Thanks for these quantizations. I'm guessing you're using split or similar utility? Can I request splitting with the llama-gguf-split utility? This would greatly simplify download (and update) for llama.cpp and any forks or compatible engines. Here's an example:
$ time llama-gguf-split --split --split-max-size 40G GLM-4.6-REAP-218B-A32B.i1-Q5_K_M.gguf GLM-4.6-REAP-218B-A32B.i1-Q5_K_M
n_split: 4
split 00001: n_tensors = 474, total_size = 39916M
split 00002: n_tensors = 439, total_size = 39730M
split 00003: n_tensors = 440, total_size = 39732M
split 00004: n_tensors = 383, total_size = 35437M
Writing file GLM-4.6-REAP-218B-A32B.i1-Q5_K_M-00001-of-00004.gguf ... done
Writing file GLM-4.6-REAP-218B-A32B.i1-Q5_K_M-00002-of-00004.gguf ... done
Writing file GLM-4.6-REAP-218B-A32B.i1-Q5_K_M-00003-of-00004.gguf ... done
Writing file GLM-4.6-REAP-218B-A32B.i1-Q5_K_M-00004-of-00004.gguf ... done
gguf_split: 4 gguf split written with a total of 1736 tensors.
real 3m13.032s
user 0m12.020s
sys 1m28.468s
Thanks!
There are many reasons why we don't use the llama-split format. The most important being that it doesn't support zero copy. This means that using llama-split you need to copy all the data when splitting or merging the files. This is a massive waste of resources booth on our end and on our users side (if they want to merge them). We have many quantization servers that use hard disks and so are usually disk bottlenecked so splitting every quant using llama-split would almost half our quant throughput. In addition to that using llama-split would break our download page where users can already the already concatenated file it simply concatenates the download streams. Once HuggingFace lifts the 50 GB upload limit when they get rid of the legacy LFS download path we are in a much better position than quanters using the llama-split format as we could work with HuggingFace to have them concatenate all our split quants server-side without having to reupload petabytes of files.
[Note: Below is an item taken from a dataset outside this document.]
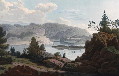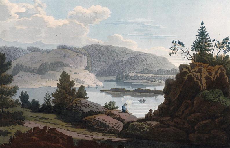 | Keywords: View near Dillengen (JW Edy plate 70).jpg Artwork Creator John William Edy en View near Dillengen No LXX VIEW NEAR DILLENGEN In perambulating the environs of Mos at almost every step the most agreeable views present themselves and particularly so on the side about Dillengen a small post house situated in the woods to the southward of the pleasant and delightful town of Mos From a long street which leads over the hills to the above place are obtained many glimpses of the lake Van Soe which enliven the progress of the traveller until he is closely embowered in a thick forest Having passed the house on the left and proceeded some distance towards the lake the wilds of the country begin to disappear and he finally arrives at its banks a little above which this view presents itself The town of Mos is situated somewhat to the left of the rock seen on that side of the picture on which was a small portion of grass cut; there is much barren rock on the east side towards the narrow passage described in the last view as entering between the mountains seen from this place whence the timber is conducted down to the saw-mills below the bridge at Mos From this entrance the greater part of the extensive waters of the Lake Van Soe are seen as far as the eye can reach About its margin and on the hills are many neat farm-houses ; and around them much cultivated land In the lake are many large and small islands which with the surrounding country partake the character of Italian scenery The people conduct their husbandry with skill and profit although on the old principles and gain credit for their breed of horses and cattle They collect considerable quantities of timber for exportation and produce much charcoal for the iron works Their fish are delicious and in great plenty salmon excepted on account of the saw-mills or because the altitude of the fall at Mos does not afford a proper leap or access to its fresh waters This loss may be easily dispensed with by the Norwegian in regard to the more gratifying sight of the numerous rafts of timber and barges continually floating down and destined to a sure market which so wholly occupies their commercial spirit as to make them totally indifferent to Van Soe and all its attendant beauties except in so far as it may be rendered subservient to their laudable purposes It is a question to be solved whether the procuring of timber or the burning of charcoal be the most productive employment pursued in the vicinity of Mos the great consumption of the latter commodity at the iron works being so considerable The entrance to the narrow pass of the waters to Mos is seen in front guarded by a low barren rock or bar which causes much trouble and inconvenience in blowing weather In the background are two of the mountains covered with forests forming precipitous terminations to the northward and gradually sloping off on the opposite sides to the great lake on the right This lake is a retreat for all sorts of wild fowl and its banks are free from noxious animals The little herds of cattle and sheep prowl about picking up their provender in security and peace while their bells tinkle in many reverberated echoes among the hills and rocks Collapse bottom http //urn nb no/URN NBN no-nb_digibok_2011072910001 Boydell's picturesque scenery of Norway London 1820 Plate no 70 p 353 in scanned copy no-nb_digibok_2011072910001 PD-Art-100 John William Edy Boydell's picturesque scenery of Norway Geography of Østfold |

There also is no technical reason why you couldn't load the non-concatenated files. No idea why anyone would want to do so as you can zero copy concatenate them within a fraction of a second but if you really want to there are things like concatfs that lets you mount them to a virtually concatenated file. It’s also worth mentioning that back when mradermcher started our way of splitting GGUFs was the standard used by TheBloke and anyone active at the time as llama-split not even yet existed. Back then all users were used to our way of concatenating quants and because we continued to split that way all our users are still used to our way of splitting them so switching now would cause a lot of confusion.